For this project/post, we’ll be using the Steam dataset, which contains 7,793,069 reviews, 2,567,538 users, and 32,135 games. In addition to the review text, the data also includes the users’ play hours in each review.

We’ll focus on the interactions between users and items as well as on metadata about games, such as publisher, release date, genres and tags.

LightFM is a Python implementation of a hybrid recommendation algorithms for both implicit and explicit feedbacks.

It is a hybrid content-collaborative model which represents users and items as linear combinations of their content features’ latent factors. The model learns embeddings or latent representations of the users and items in such a way that it encodes user preferences over items. These representations produce scores for every item for a given user; items scored highly are more likely to be interesting to the user.

The user and item embeddings are estimated for every feature, and these features are then added together to be the final representations for users and items.

Let $U$ be the set of users and $I$ be the set of items, and each user can be described by a set of user features $f_{u} \subset F^{U}$ whilst each items can be described by item features $f_{i} \subset F^{I}$. Both $F^{U}$ and $F^{I}$ are all the features which fully describe all users and items.

The LightFM model operates based binary feedbacks, the ratings will be normalised into two groups. The user-item interaction pairs $(u,i) \in U\times I$ are the union of positive (favourable reviews) $S^+$ and negative interactions (negative reviews) $S^-$ for explicit ratings. For implicit feedbacks, these can be the observed and not observed interactions respectively.

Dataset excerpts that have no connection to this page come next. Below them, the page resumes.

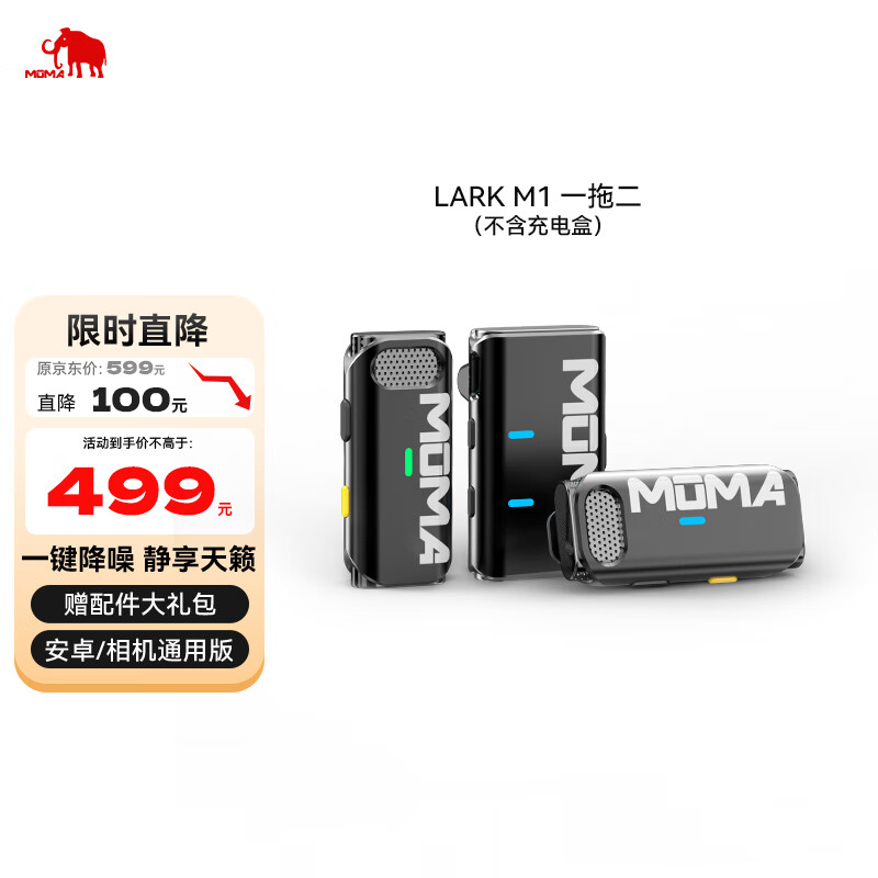 猛玛(MOMA)无线麦克风领夹猛犸手机相机直播一拖二小蜜蜂收音麦vlog视频唱歌声卡单反录音设备全套 LARK M1价格:499.00元!
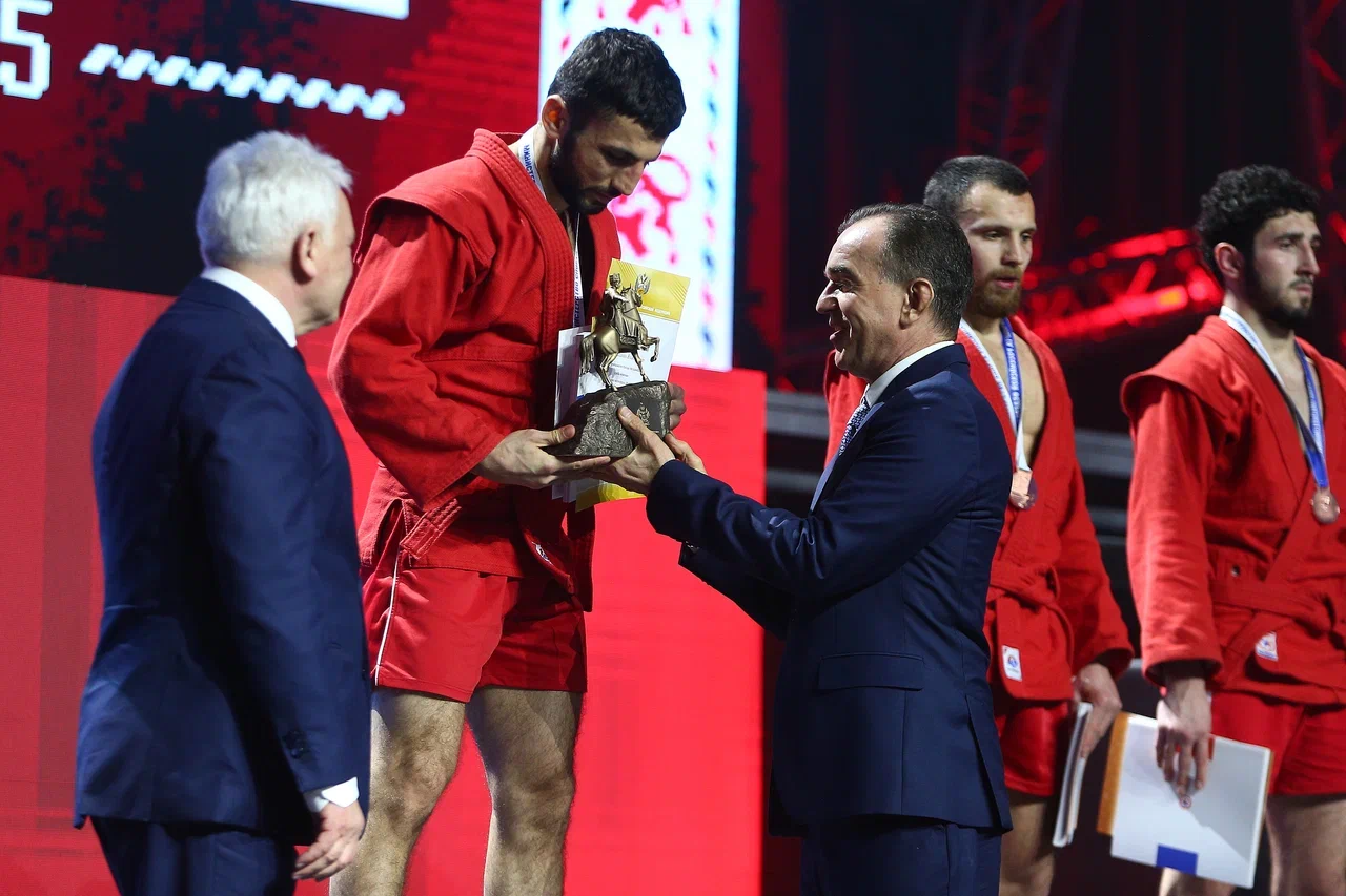 В Краснодаре во дворце самбо завершился финал чемпионата России по этому виду спорта. Награды победителям и призёрам вручили губернатор Краснодарского края Вениамин Кондратьев и глава Всероссийской федерации самбо Сергей Елисеев.
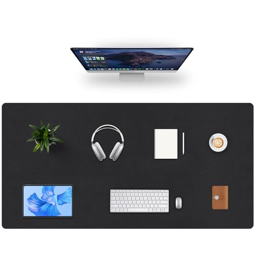 URMONA Läder skrivbordsdynskydd, stor skrivbordsmatta för tangentbord och mus, repsäker och slitstark, mocka halkfri botten (svart 120 x 60 cm)
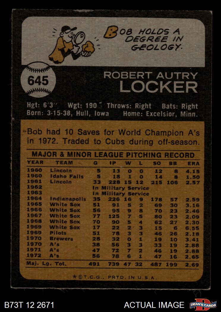 1973 Topps #645 Bob Locker 4.5 - VG/EX+
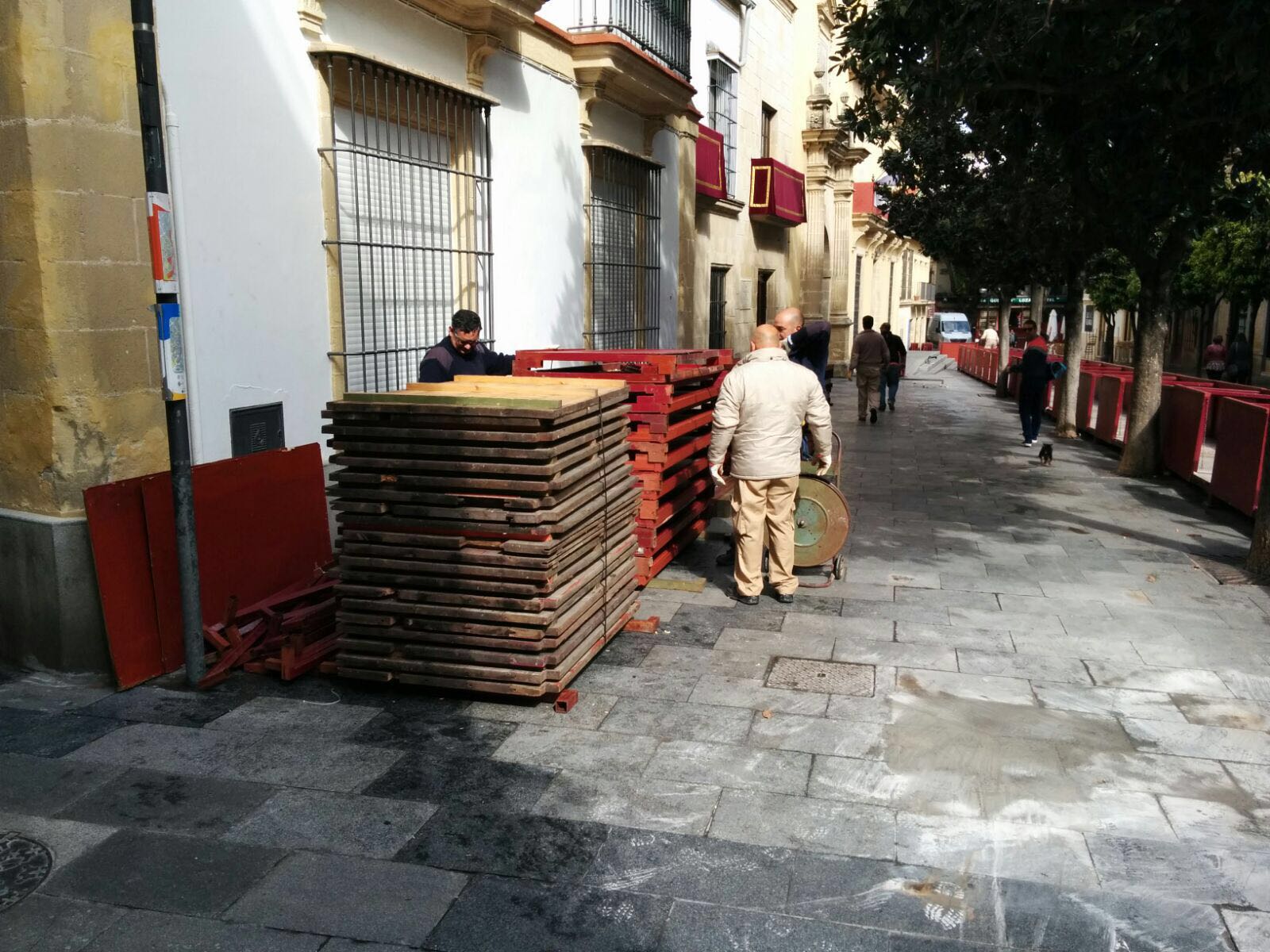 Hoy ha comenzado el desmontaje de los palcos de la carrera oficial de la Semana Santa. Un equipo de 12 operarios municipales ha iniciado las labores de recogida, habiendo culminado esta misma mañana el desmontaje de los palcos de la calle Larga, Lancería, Consistorio y José Luis Díez.
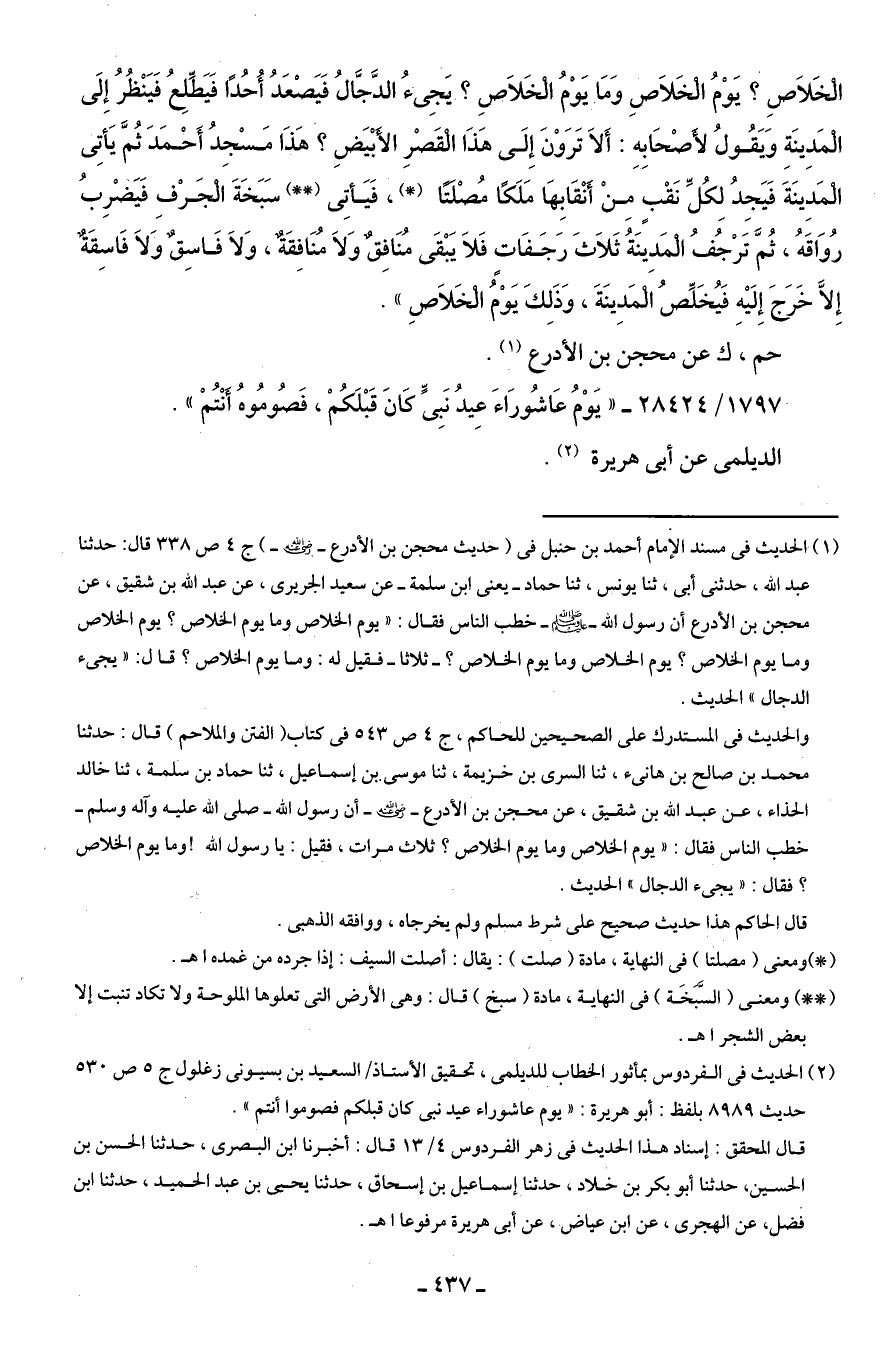 (¬1) الحديث في مسند الإمام أحمد بن حنبل في (حديث محجن بن الأدرع - رضي الله عنه -) ج 4 ص 338 قال: حدثنا عبد الله، حدثنى أبى، ثنا يونس، ثنا حماد - يعنى ابن سلمة - عن سعيد الجريرى، عن عبد الله بن شقيق، عن محجن بن الأدرع أن رسول الله - صلى الله عليه وسلم - خطب الناس فقال: "يوم الخلاص وما يوم الخلاص؟ يوم الخلاص وما يوم الخلاص؟ يوم الخلاص وما يوم الخلاص؟ - ثلاثا - فقيل له: وما يوم الخلاص؟ قال: "يجئ الدجال" الحديث.
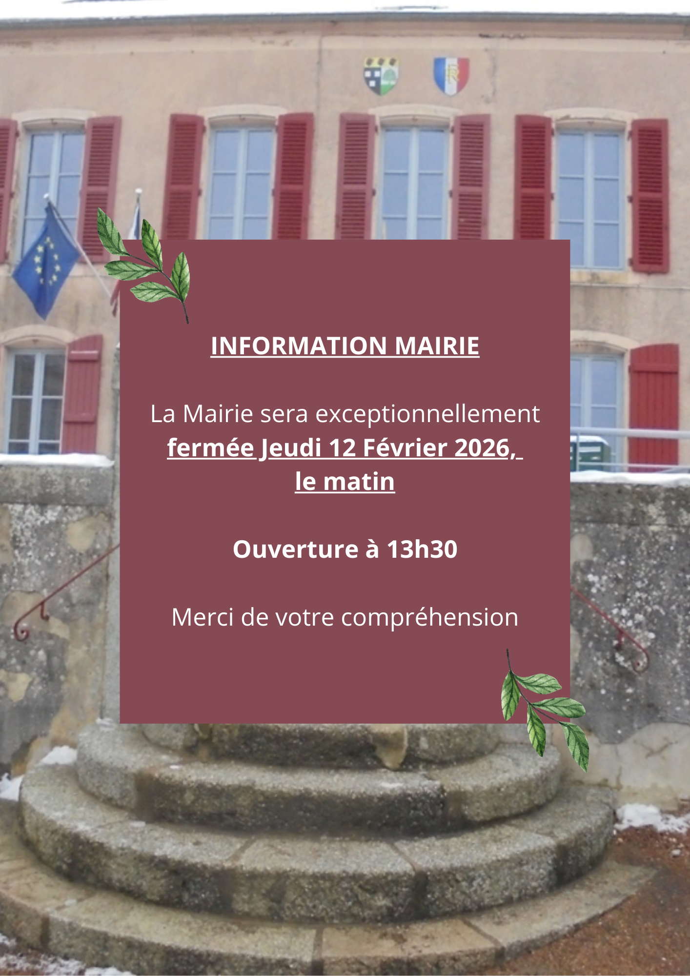 Fermeture exceptionnelle de la Mairie – Jeudi 12/02 le Matin
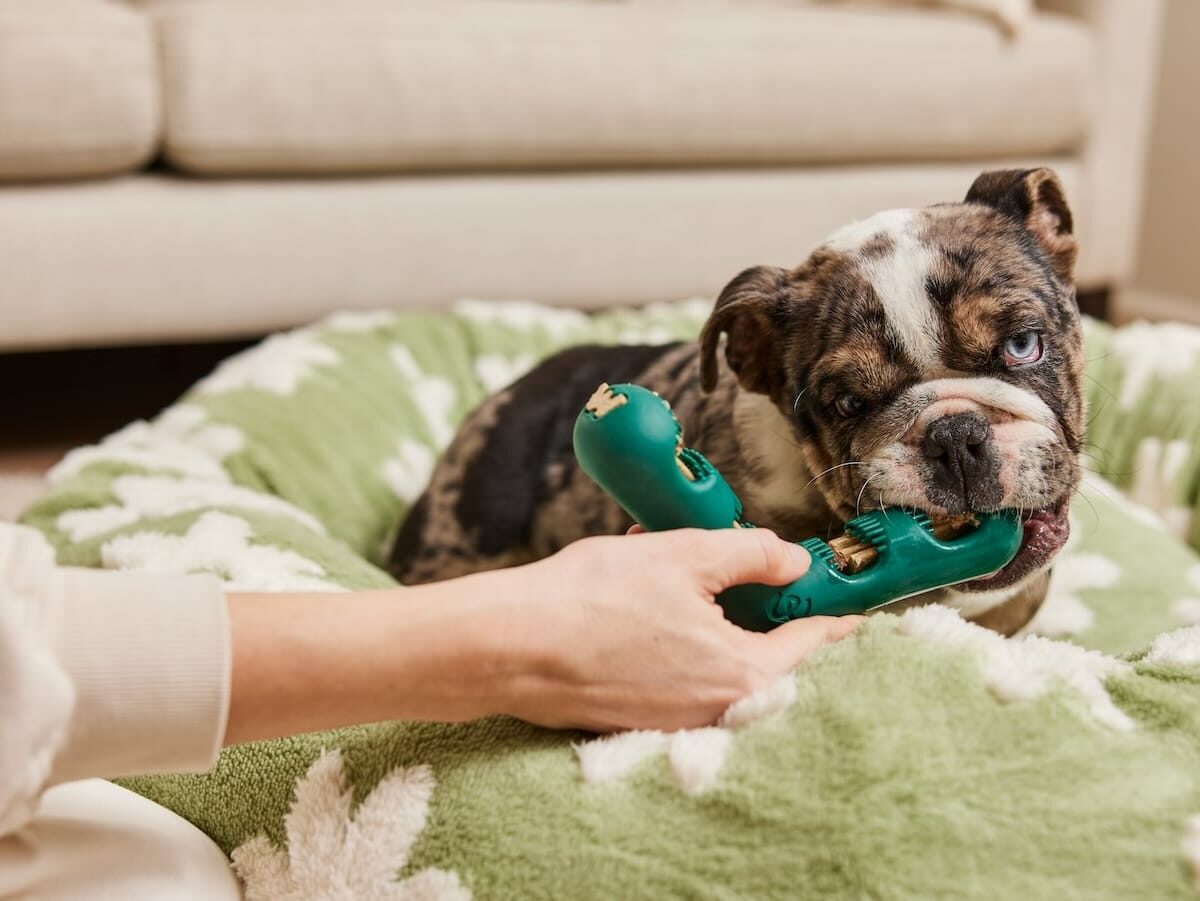 The Woof Bite n’ Brush keeps your dog entertained while taking care of their oral health. Its easy-to-use design lets your dog brush while chewing.
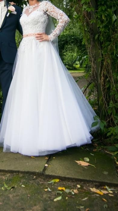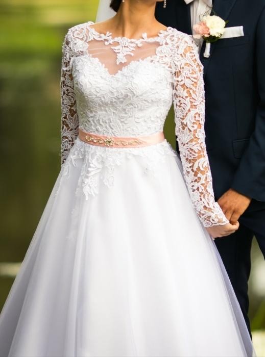 Sprzedam prześliczną suknię ślubną projektu Emmi Mariage. Suknia jest w bardzo dobrym stanie, nie posiada żadnych uszkodzeń. Góra sukni jest wykonana z wysokiej jakości gipury, a tył jest zapinany na guziczki. Szyta na miarę rozmiar 34/36 wzrost 159cm + obcas 8cm, na jednym kole. Do sukni dorzucam welon, który również jest w idealnym stanie. Zapraszam do kontaktu w wiadomości prywatnej lub pod numerem telefonu. Na prośbę mogę przesłać więcej zdjęć:)
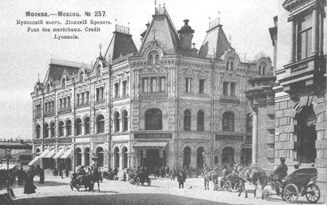 Основанный Л. С. Поляковым Московский международный торговый банк был одним из самых крупных банков России. Учреждение выкупило участок земли неподалёку от Кремля, и в 1895—1898 годах архитектор Сергей Эйбушитц возвёл на переломе улицы современное здание, замыкающее перспективу между Неглинной и Рождественкой.
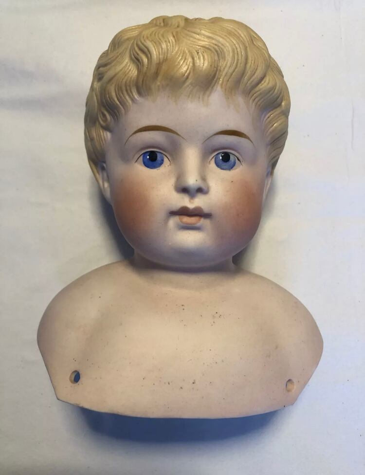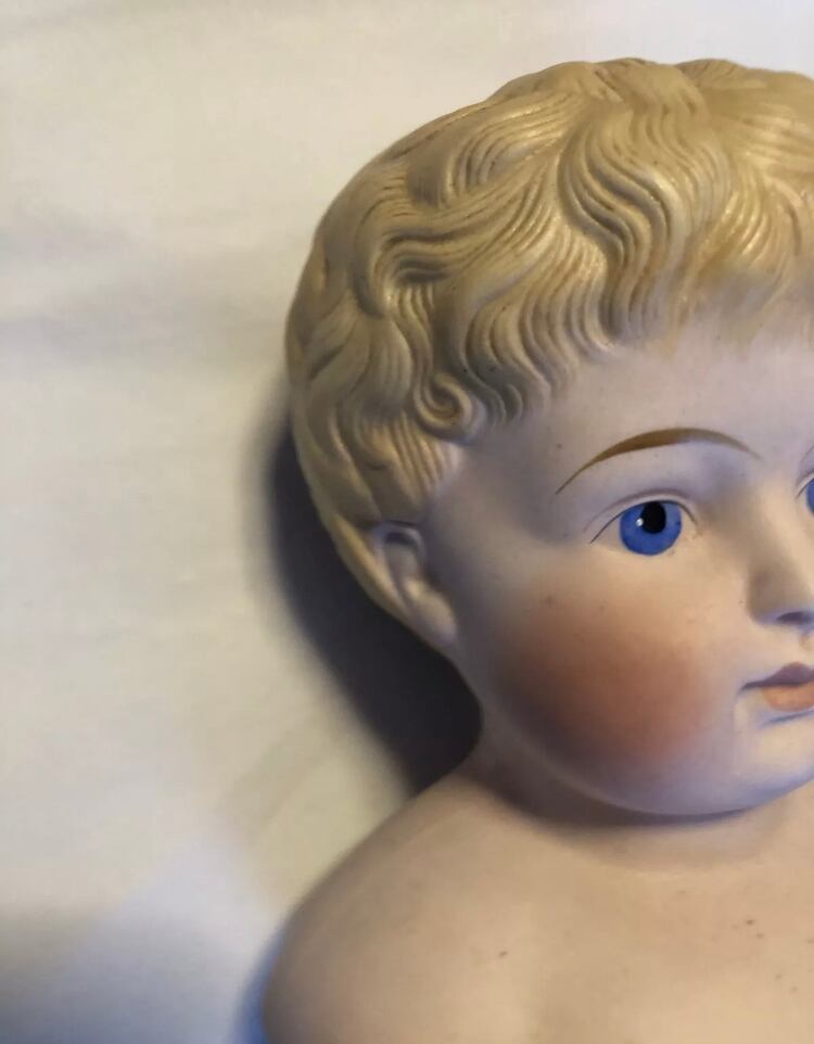 割れや欠けライン、釉薬の剥がれなどもない美品です。青い瞳とふっくらした頬の可愛い子ちゃんですね。このままディスプレイされても、身体を作ってあげてもきっと喜ぶのではないでしょうか。
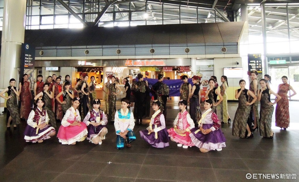 ▲台南市光華高中流行服飾科在校生和畢業生共20餘人,快閃高鐵台南站,以「文化服飾工藝之美」秀出兼具刺繡工藝和流行元素的旗袍。(圖/高鐵提供)

For each user and item feature, their embeddings are $e_{f}^{U}$ and $e_{f}^{I}$ respectively. Furthermore, each feature is also has a scalar bias term ($b_U^f$ for user and $b_I^f$ for item features). The embedding (latent representation) of user $u$ and item $i$ are the sum of its respective features’ latent vectors:

$$ q_{u} = \sum_{j \in f_{u}} e_{j}^{U} $$

$$ p_{i} = \sum_{j \in f_{i}} e_{j}^{I} $$

Similarly the biases for user $u$ and item $i$ are the sum of its respective bias vectors. These variables capture the variation in behaviour across users and items:

$$ b_{u} = \sum_{j \in f_{u}} b_{j}^{U} $$

$$ b_{i} = \sum_{j \in f_{i}} b_{j}^{I} $$

In LightFM, the representation for each user/item is a linear weighted sum of its feature vectors.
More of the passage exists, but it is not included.